Sur injonction de Washington, Londres rentra finalement dans le rang,
et, sans que cette information puisse être confirmée, pourrait
avoir accepté d'acquérir l'un des trois satellites-espions
Orion de la NSA, lancés en 1985, 1989 et 1990 lors de missions
militaires secrètes de la navette spatiale, évoluant en orbite
très basse (78 km de périgée, 226 km d'apogée).
Ce système est dédié aux missions Comint, faisant
son miel des communications dans les bandes supérieures à
100 MHz ; il se trouve en particulier bien adapté pour intercepter
les signaux émis par les radiotéléphones
GSM
,
ou plus exactement par les bornes qui centralisent ces liaisons et les
redistribuent vers les mobiles. Mais il est également parfait pour
capter les signaux des liaisons hertziennes fixes (les grosses tours que
l'on voit dans nos campagnes depuis les années 50).
Un autre engin, connu sous le nom de Mercury, ou Advanced Vortex, fonctionne en orbite très elliptique (1100 km de périgée, 39.000 km d'apogée) et bénéficie de perfectionnements techniques très étonnants. Et singulièrement d'une gigantesque antenne déployable en orbite, sorte de "voile" dont la matière réfléchissante est proche de celle des couvertures de survie bien connues des secouristes, dont le diamètre atteindrait 100 m, soit la longueur d'un terrain de football... Captant les signaux dans la bande des 20 KHz, son utilisation est extrêmement spécifique et a vocation militaire. Il serait capable, en particulier, d'intercepter les communications des sous-marins russes (ou français) en plongée, qui émettent à des débits qui rendraient fou l'nternaute moyen : 1 bit par seconde! Illustrant la synérgie étroite entre les financements de l'industrie spatiale américaine par la puissance publique, cette technologie de voile spatiale mise au point par le constructeur Mercury, Hughes, a été adaptée par ce même industriel pour le marché civil. Elle équipera (avec un diamètre plus modeste de 22 m) le satellite de communication APMT, commandé à Hughes par un consortium sino-singapourien. Un troisième système, le Trumpet, est dédié à l'interception des communications militaires russes.

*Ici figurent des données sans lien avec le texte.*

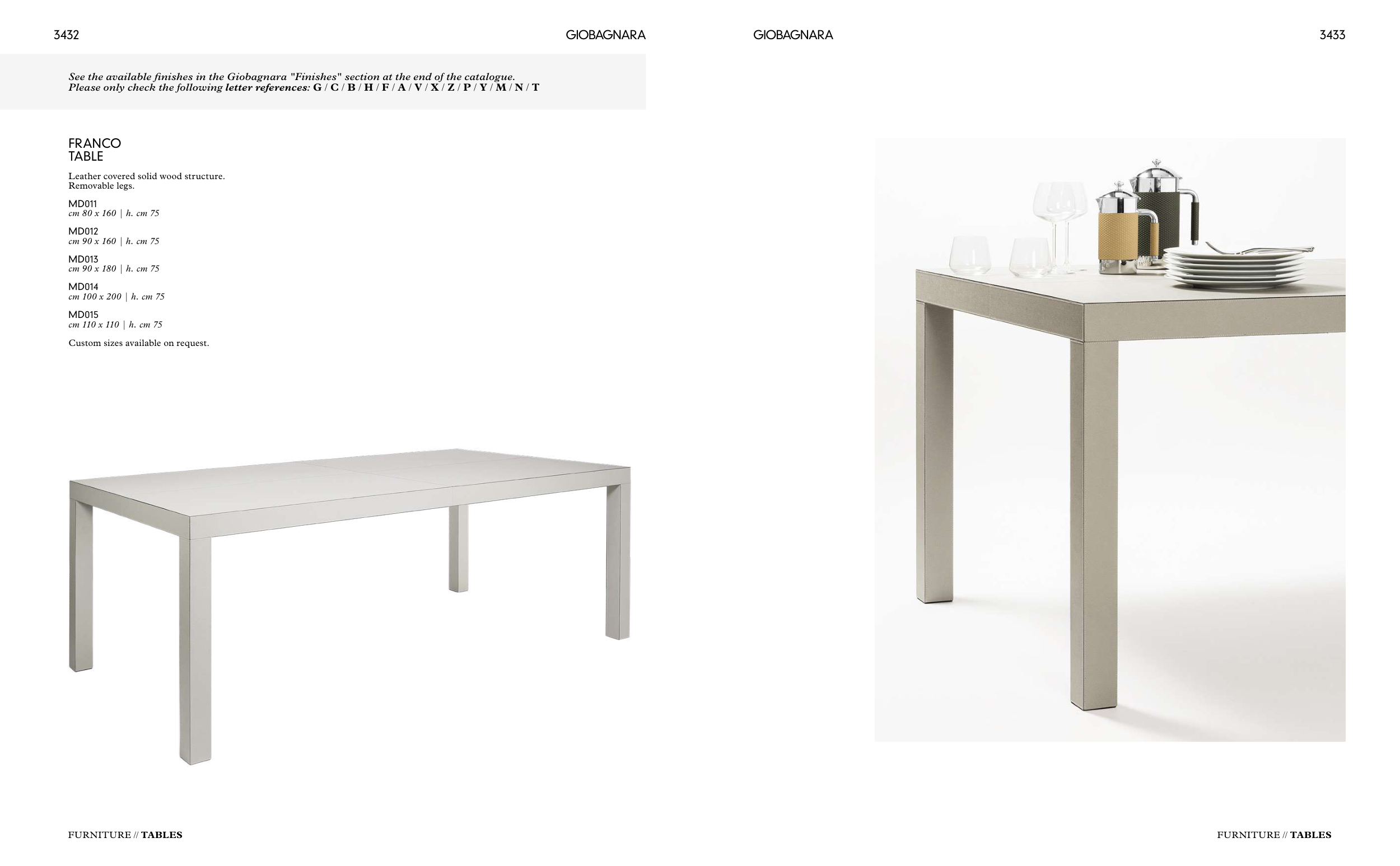 See the available finishes in the Giobagnara "Finishes" section at the end of the catalogue.

Il est intéressant de noter que, pour l'avenir, la NSA et les forces armées américaines comptent compléter ces systèmes spatiaux d'espionnage électronique par des engins meilleurs marchés, des drônes stratégiques, avions sans pilote pouvant tenir l'air durant des dizaines d'heures, avec des charges utiles Sigint. Drônes et satellites formeront un couple parfaits de "grandes oreilles" à haute altitude, et seront intégrés dans une architecture commune, pour l'instant (très peu) connue sous le nom de IOSA (Integrated Overhead Sigint Architecture), pour laquelle une structure spécialisée vient d'être mise sur pied par l'administration américaine : le NSSAO (National Security Space Architect Office).